» Data records
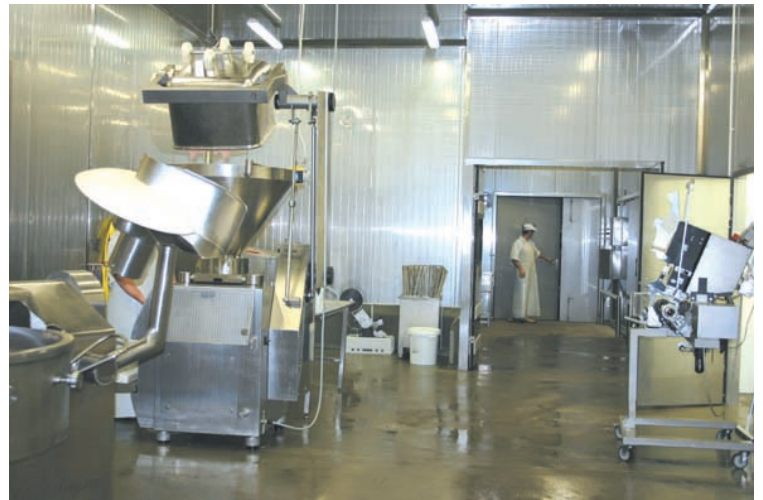
To tu produkuje się salami o smaku westfalskim

- Wyróżnienie cieszy, tym bardziej, że może przyczyni się do roz-
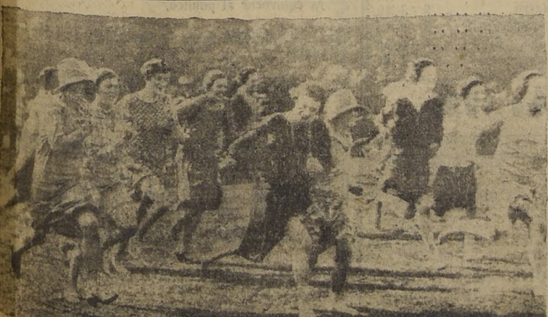
Una "carrera de las madres", en una Fiesta de Primavera en Inglaterra. Todo cambia. Nos basta pensar de imaginarnos la figura que habrían hecho nuestras madres en ocasión parecida, para darse cuenta de toda la diferencia que media entre las costumbres de ambas épocas.
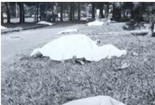
FIG. 13. INTERVENTO CAVART, BRESCIA, 28 MAGGIO 1975.

Per la realizzazione del film, Cavart utilizza anche pellicole della performance organizzata dal gruppo il 28 maggio 1975 a Brescia, in occasione dell'anniversario della strage di Piazza della Loggia. In queste immagini, il filmmaker si avvicina ad alcuni corpi immobili distesi lungo una strada, coperti da un lenzuolo bianco che man mano occupa l'intera inquadratura, immergendo lo spettatore all'interno della rappresentazione.
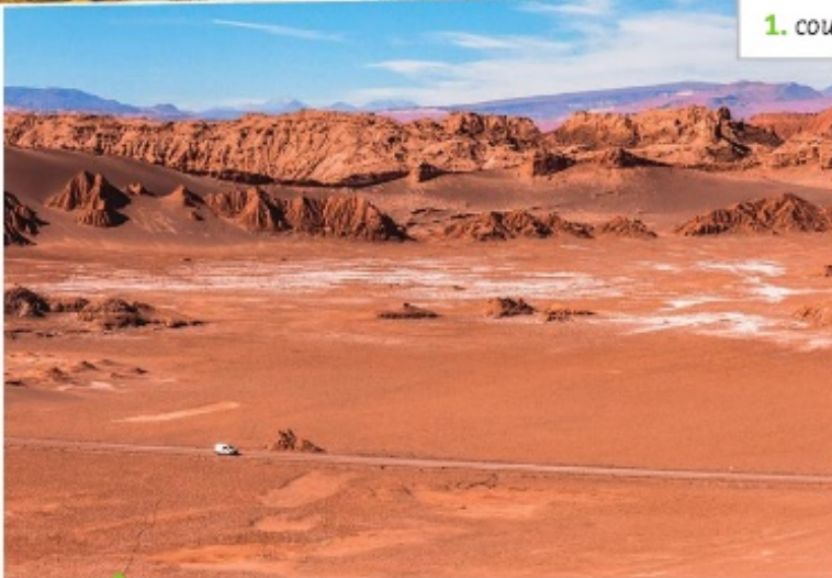
El desierto de Atacama

1. couvrant 2. chaîne de montagnes 3. abrite

» WORK INSTRUCTION
Omitting the images, output each record precisely as written.

» RESPONSE AREA
To tu produkuje się salami o smaku westfalskim

- Wyróżnienie cieszy, tym bardziej, że może przyczyni się do roz-
Una "carrera de las madres", en una Fiesta de Primavera en Inglaterra. Todo cambia. Nos basta pensar de imaginarnos la figura que habrían hecho nuestras madres en ocasión parecida, para darse cuenta de toda la diferencia que media entre las costumbres de ambas épocas.
FIG. 13. INTERVENTO CAVART, BRESCIA, 28 MAGGIO 1975.

Per la realizzazione del film, Cavart utilizza anche pellicole della performance organizzata dal gruppo il 28 maggio 1975 a Brescia, in occasione dell'anniversario della strage di Piazza della Loggia. In queste immagini, il filmmaker si avvicina ad alcuni corpi immobili distesi lungo una strada, coperti da un lenzuolo bianco che man mano occupa l'intera inquadratura, immergendo lo spettatore all'interno della rappresentazione.
El desierto de Atacama

1. couvrant 2. chaîne de montagnes 3. abrite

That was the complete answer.